Justo por isso, um dos fenômenos mais importantes na construção da


“nova ordem” mundial no fim do século XX foi a desarticulação
sucessiva das diferentes estratégias desses países intermediários que
buscavam industrializar - se e diminuir a distância em relação ao centro
(ou, no caso da União Soviética, disputar o centro). A primeira vaga de
desarticulação, associada às crises das dívidas externas na primeira
metade da década de 1980 e ao desdobramento na direção de políticas
neoliberais, destrói os projetos em curso na América Latina. A segunda
vaga, que ocorre no fim da mesma década e início da seguinte,
desarticula a antiga União Soviética e os países de sua área de
influência. Em meados da década de 1990, chega a vez do acerto de
contas com as estratégias de emparelhamento em curso em países da
Ásia.

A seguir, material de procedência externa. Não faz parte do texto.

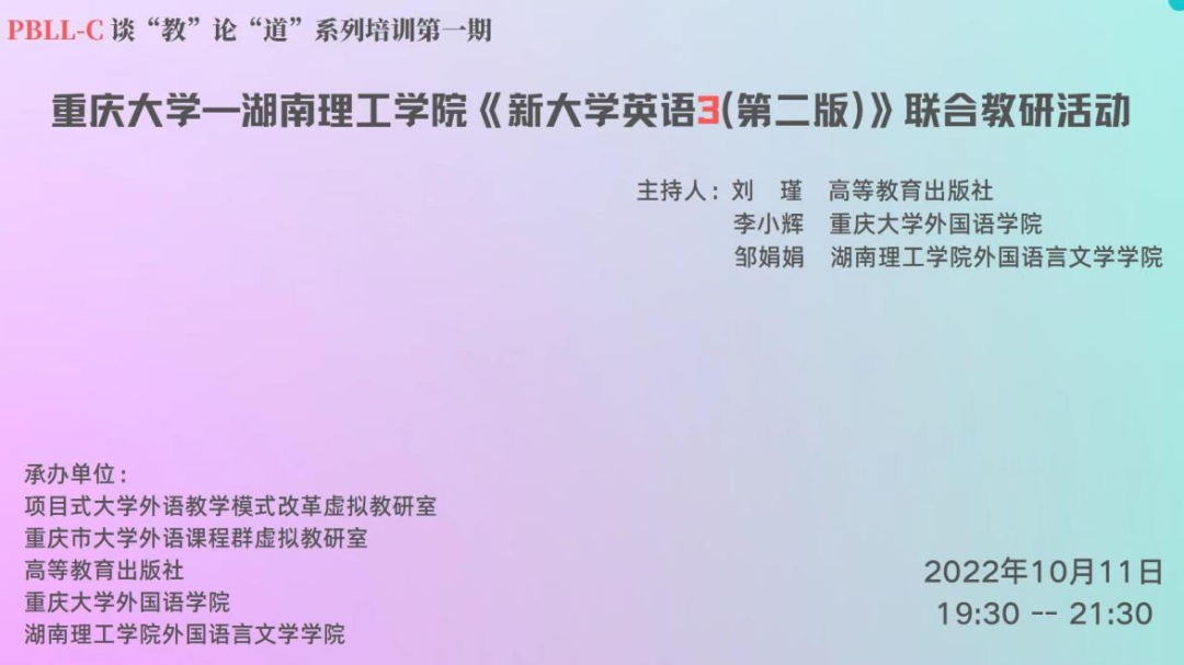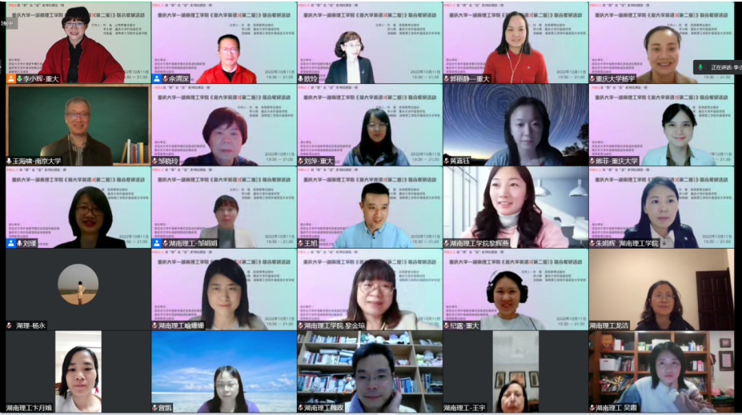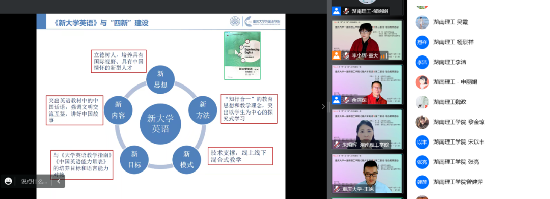 校园网讯10月11日晚7:30,由教育部项目式大学英语教学模式改革虚拟教研室、高等教育出版社、重庆大学大学外语教育中心和365英国上市集团依托《新大学英语综合教程3第二版》举行了联合教研活动。本次活动目的在于更好地理解和使用教材,促进大学英语教学改革,提高教学质量。这是365英国上市集团首次通过腾讯会议,与其他高校同行展开联合教研交流。该活动也得到了高教社的高度重视,面向全国高校全网直播。

Só a China resiste, apoiada em sua configuração estrutural –
território, recursos, população –, em sua vontade política e na
especificidade de seu sistema, cuidadosamente preservado, na medida
do possível, das ondas de choque oriundas do sistema internacional (a
experiência chinesa de crescimento rápido é recente, pertence a uma
“nova geração”, sendo difícil fazer qualquer prognóstico claro sobre seu
desdobramento de longo prazo).

Todos os elementos comuns dos processos de desarticulação, a que nos


referimos, estão contidos na estratégia de recuperação da hegemonia
americana: o choque dos juros, a aceleração da corrida armamentista, a
financeirização da riqueza e assim por diante.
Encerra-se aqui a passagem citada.